▶ _Try it_
All of the listing must be given again exactly, except that the images are dropped.

* * * * * * *

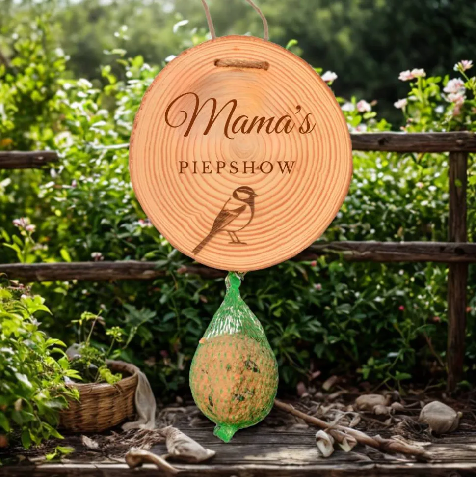 Unser handgefertigter Meisenknödelhalter mit dem charmanten Schriftzug Mamas Piepshow wird mit Leidenschaft und Handwerkskunst in unserer kleinen Werkstatt gefertigt. Jedes Stück wird sorgfältig von Hand geschliffen, um eine makellose Oberfläche zu gewährleisten. Unsere einzigartigen Designs werden präzise in das Holz gelasert, um einen Hauch von Individualität zu verleihen.
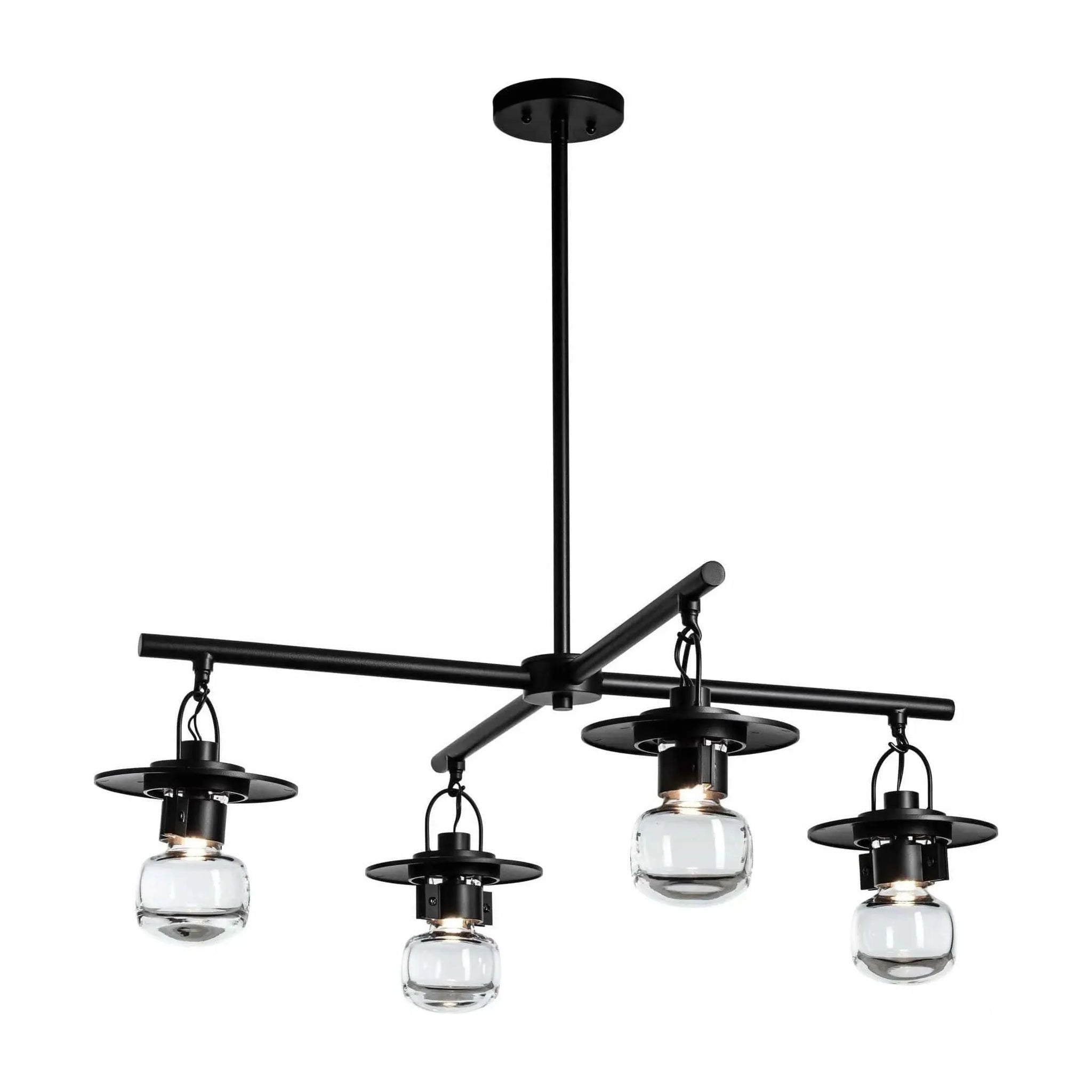 Four light outdoor living pendant light. Features a multi-height stem kit featuring two 12" stems, one 6" stem and one 3" stem which may be combined interchangeably to customize the overall height.
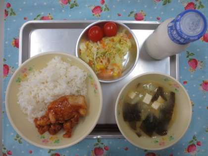 2月27日(火) 今日の給食 公開日 2018/02/27 更新日 2018/02/27 給食の献立 献立名 ・ごはん ・鶏のトンテキ風ソース ・コールスローミニトマトつき ・わかめと玉ねぎの味噌汁 ・牛乳 いいね(0)
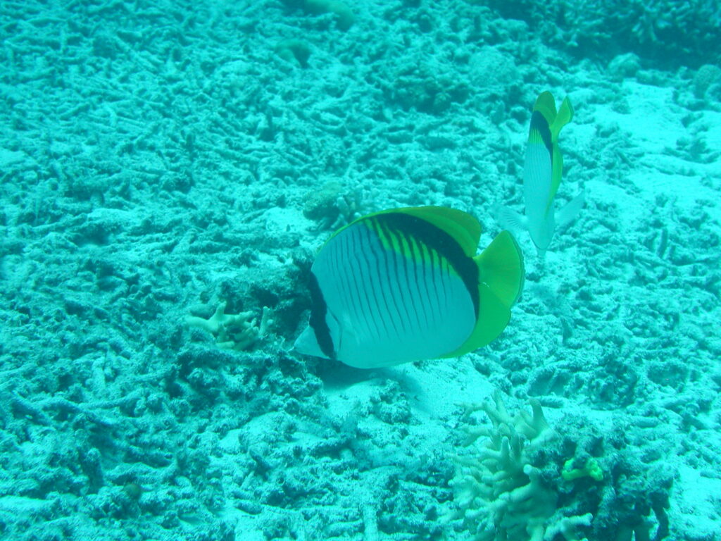 - 可愛い花が咲いているような綺麗な珊瑚の隙間に隠れて「怖いからこっちに来ないでよ~!!」とびびって逃げようとしているおちびさんはスズキ目チョウチョウウオ科チョウチョウウオ属のニセフウライチョウチョウウオさんではないでしょうか?・・・ニセフウライチョウチョウウオさんはチョウチョウウオさんの仲間では大型の種類なのですがサンゴの大きさと比べてもお分かりいただけると思いますがこのニセフウライチョウチョウウオさんはおちびさんなのでやはり可愛いですね・・・ニセフウライチョウチョウウオさんの特徴は体側に多数の細い黒色横帯がありまた頭部に眼を通る黒色帯がありますがこの黒色帯は二つに分離していません・・・その他にニセフウライチョウチョウウオさんの背鰭・尾鰭・臀鰭は一様に黄色をしており成魚になると尾鰭には濃黄色の横帯がでてきます。
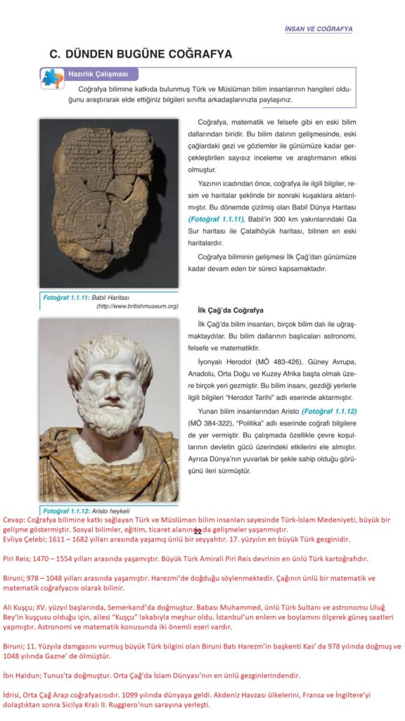 9. SINIF COĞRAFYA GÜN YAYINLARI DERS KİTABI CEVAPLARI
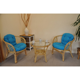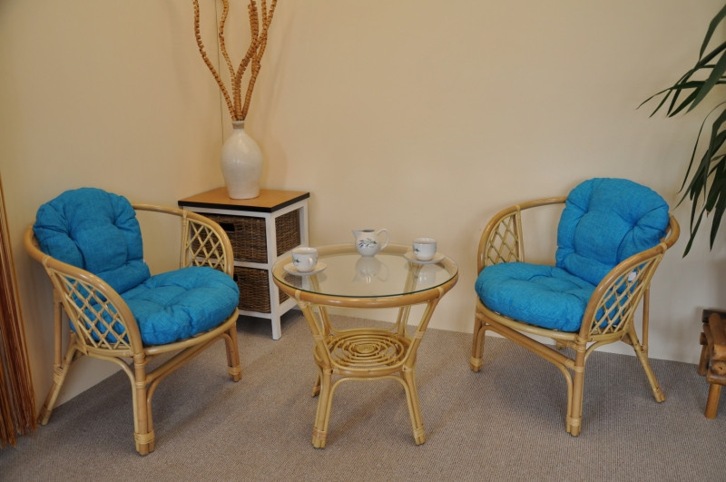 Sedací souprava Bahama patří stále mezi nejoblíbenější ratanové sedací soupravy. Souprava se skládá ze dvou křesel, stolku se skleněnou deskou a kompletní sady polstrů. | Barva ratanové konstrukce je medová. Materiál konstrukce je přírodní ratan. Rozměr křesla je 68x66x73 cm, výška sedu 44 cm, nosnost křesla je 110 kg. Stolek má výšku 55 cm, průměr stolku 65 cm. Spoje ratanové konstrukce jsou šroubovány. Polstry na tuto sedací soupravu Bahama jsou vyrobeny v České republice. Polstry jsou vyrobeny z kvalitní látky a vyznačují se vysokou kvalitou zpracování.Polstry pro nás vyrábí firma AXIN Cuschions s.r.o., která zaměstnávávýhradně místní vyučené švadleny z České republiky. Tímto způsobem sesnažíme podporovat výrobu a zaměstnanost v naší republice. Náplň polstrů je drcený molitan a polstry lze prát ručně na 40o C.
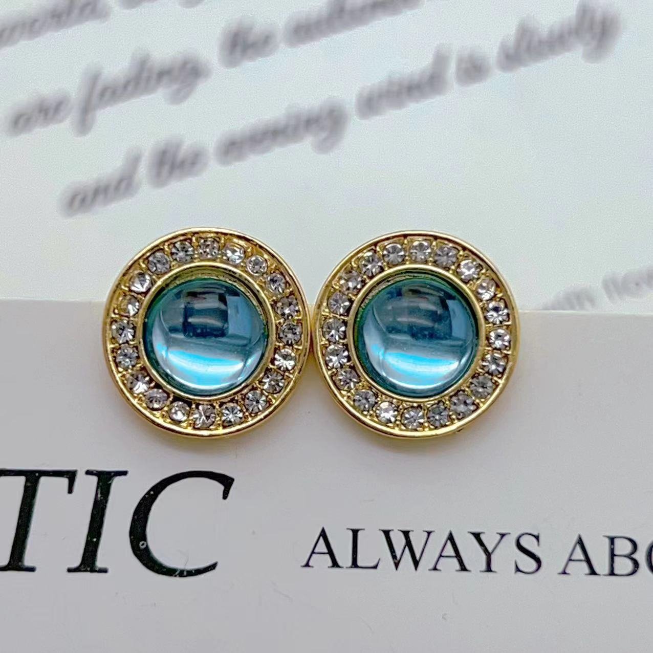Vintage Blue Diamond Glass Round Earrings

* * * * * * *

▶ _Exercise output_
 Unser handgefertigter Meisenknödelhalter mit dem charmanten Schriftzug Mamas Piepshow wird mit Leidenschaft und Handwerkskunst in unserer kleinen Werkstatt gefertigt. Jedes Stück wird sorgfältig von Hand geschliffen, um eine makellose Oberfläche zu gewährleisten. Unsere einzigartigen Designs werden präzise in das Holz gelasert, um einen Hauch von Individualität zu verleihen.
 Four light outdoor living pendant light. Features a multi-height stem kit featuring two 12" stems, one 6" stem and one 3" stem which may be combined interchangeably to customize the overall height.
 2月27日(火) 今日の給食 公開日 2018/02/27 更新日 2018/02/27 給食の献立 献立名 ・ごはん ・鶏のトンテキ風ソース ・コールスローミニトマトつき ・わかめと玉ねぎの味噌汁 ・牛乳 いいね(0)
 - 可愛い花が咲いているような綺麗な珊瑚の隙間に隠れて「怖いからこっちに来ないでよ~!!」とびびって逃げようとしているおちびさんはスズキ目チョウチョウウオ科チョウチョウウオ属のニセフウライチョウチョウウオさんではないでしょうか?・・・ニセフウライチョウチョウウオさんはチョウチョウウオさんの仲間では大型の種類なのですがサンゴの大きさと比べてもお分かりいただけると思いますがこのニセフウライチョウチョウウオさんはおちびさんなのでやはり可愛いですね・・・ニセフウライチョウチョウウオさんの特徴は体側に多数の細い黒色横帯がありまた頭部に眼を通る黒色帯がありますがこの黒色帯は二つに分離していません・・・その他にニセフウライチョウチョウウオさんの背鰭・尾鰭・臀鰭は一様に黄色をしており成魚になると尾鰭には濃黄色の横帯がでてきます。
 9. SINIF COĞRAFYA GÜN YAYINLARI DERS KİTABI CEVAPLARI
 Sedací souprava Bahama patří stále mezi nejoblíbenější ratanové sedací soupravy. Souprava se skládá ze dvou křesel, stolku se skleněnou deskou a kompletní sady polstrů. | Barva ratanové konstrukce je medová. Materiál konstrukce je přírodní ratan. Rozměr křesla je 68x66x73 cm, výška sedu 44 cm, nosnost křesla je 110 kg. Stolek má výšku 55 cm, průměr stolku 65 cm. Spoje ratanové konstrukce jsou šroubovány. Polstry na tuto sedací soupravu Bahama jsou vyrobeny v České republice. Polstry jsou vyrobeny z kvalitní látky a vyznačují se vysokou kvalitou zpracování.Polstry pro nás vyrábí firma AXIN Cuschions s.r.o., která zaměstnávávýhradně místní vyučené švadleny z České republiky. Tímto způsobem sesnažíme podporovat výrobu a zaměstnanost v naší republice. Náplň polstrů je drcený molitan a polstry lze prát ručně na 40o C.
Vintage Blue Diamond Glass Round Earrings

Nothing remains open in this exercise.